Action item ▸
What is needed is an exact reproduction of the lines in the records below, starting at the line with "Day of the Dead" and ending at the line with "Jolie ensemble pour", both included, and nothing else; pictures stay out.

Records for the exercise ▸

--- START ---

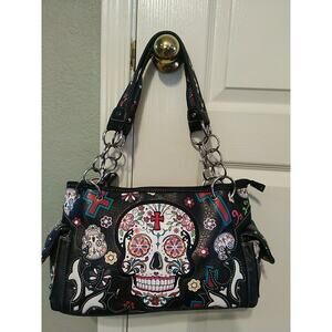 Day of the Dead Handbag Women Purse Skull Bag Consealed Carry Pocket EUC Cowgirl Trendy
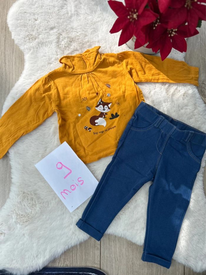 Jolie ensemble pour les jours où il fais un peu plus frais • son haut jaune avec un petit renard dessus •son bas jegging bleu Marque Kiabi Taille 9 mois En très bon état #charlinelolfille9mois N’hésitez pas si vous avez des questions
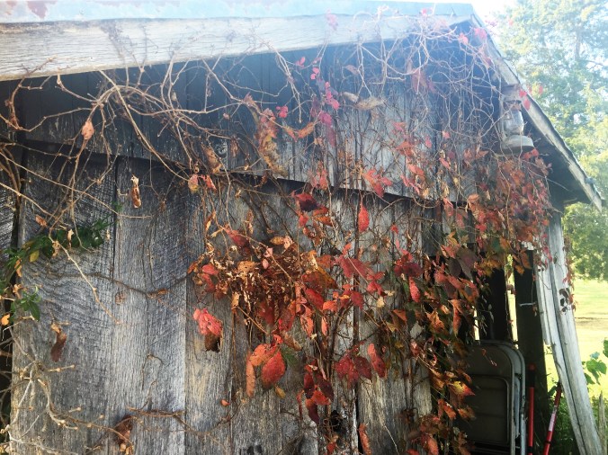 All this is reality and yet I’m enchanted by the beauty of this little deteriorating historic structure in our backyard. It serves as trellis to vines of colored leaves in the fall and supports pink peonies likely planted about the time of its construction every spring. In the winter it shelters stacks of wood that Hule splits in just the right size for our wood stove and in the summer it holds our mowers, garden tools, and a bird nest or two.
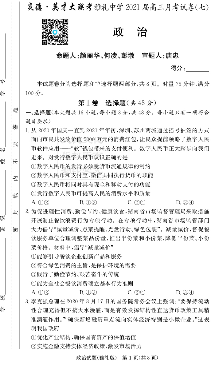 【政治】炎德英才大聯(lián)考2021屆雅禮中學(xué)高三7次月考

--- END ---
--- START ---

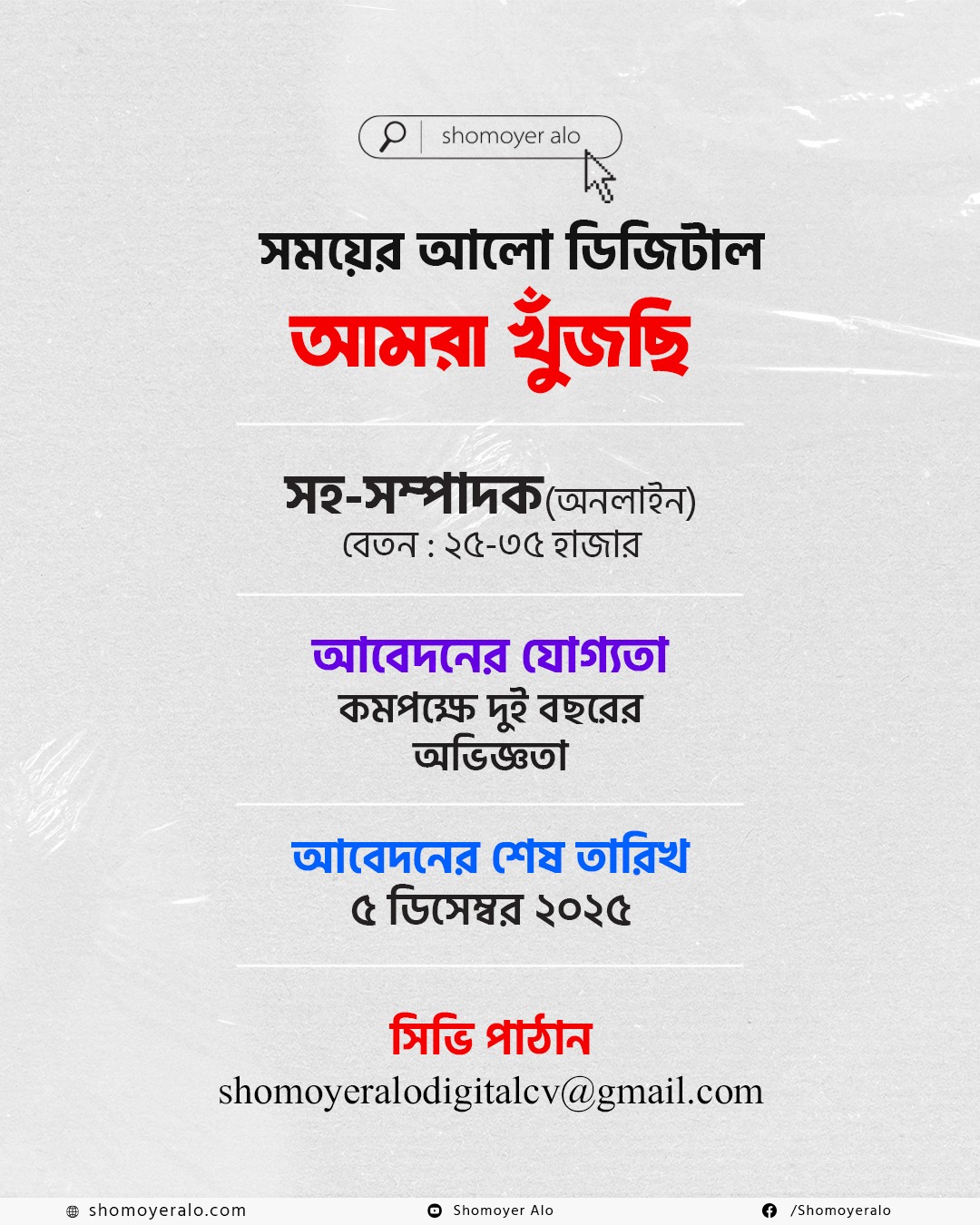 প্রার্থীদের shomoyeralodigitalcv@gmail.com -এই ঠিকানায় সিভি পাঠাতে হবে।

--- END ---

Answer for this exercise ▸
 Day of the Dead Handbag Women Purse Skull Bag Consealed Carry Pocket EUC Cowgirl Trendy
 Jolie ensemble pour les jours où il fais un peu plus frais • son haut jaune avec un petit renard dessus •son bas jegging bleu Marque Kiabi Taille 9 mois En très bon état #charlinelolfille9mois N’hésitez pas si vous avez des questions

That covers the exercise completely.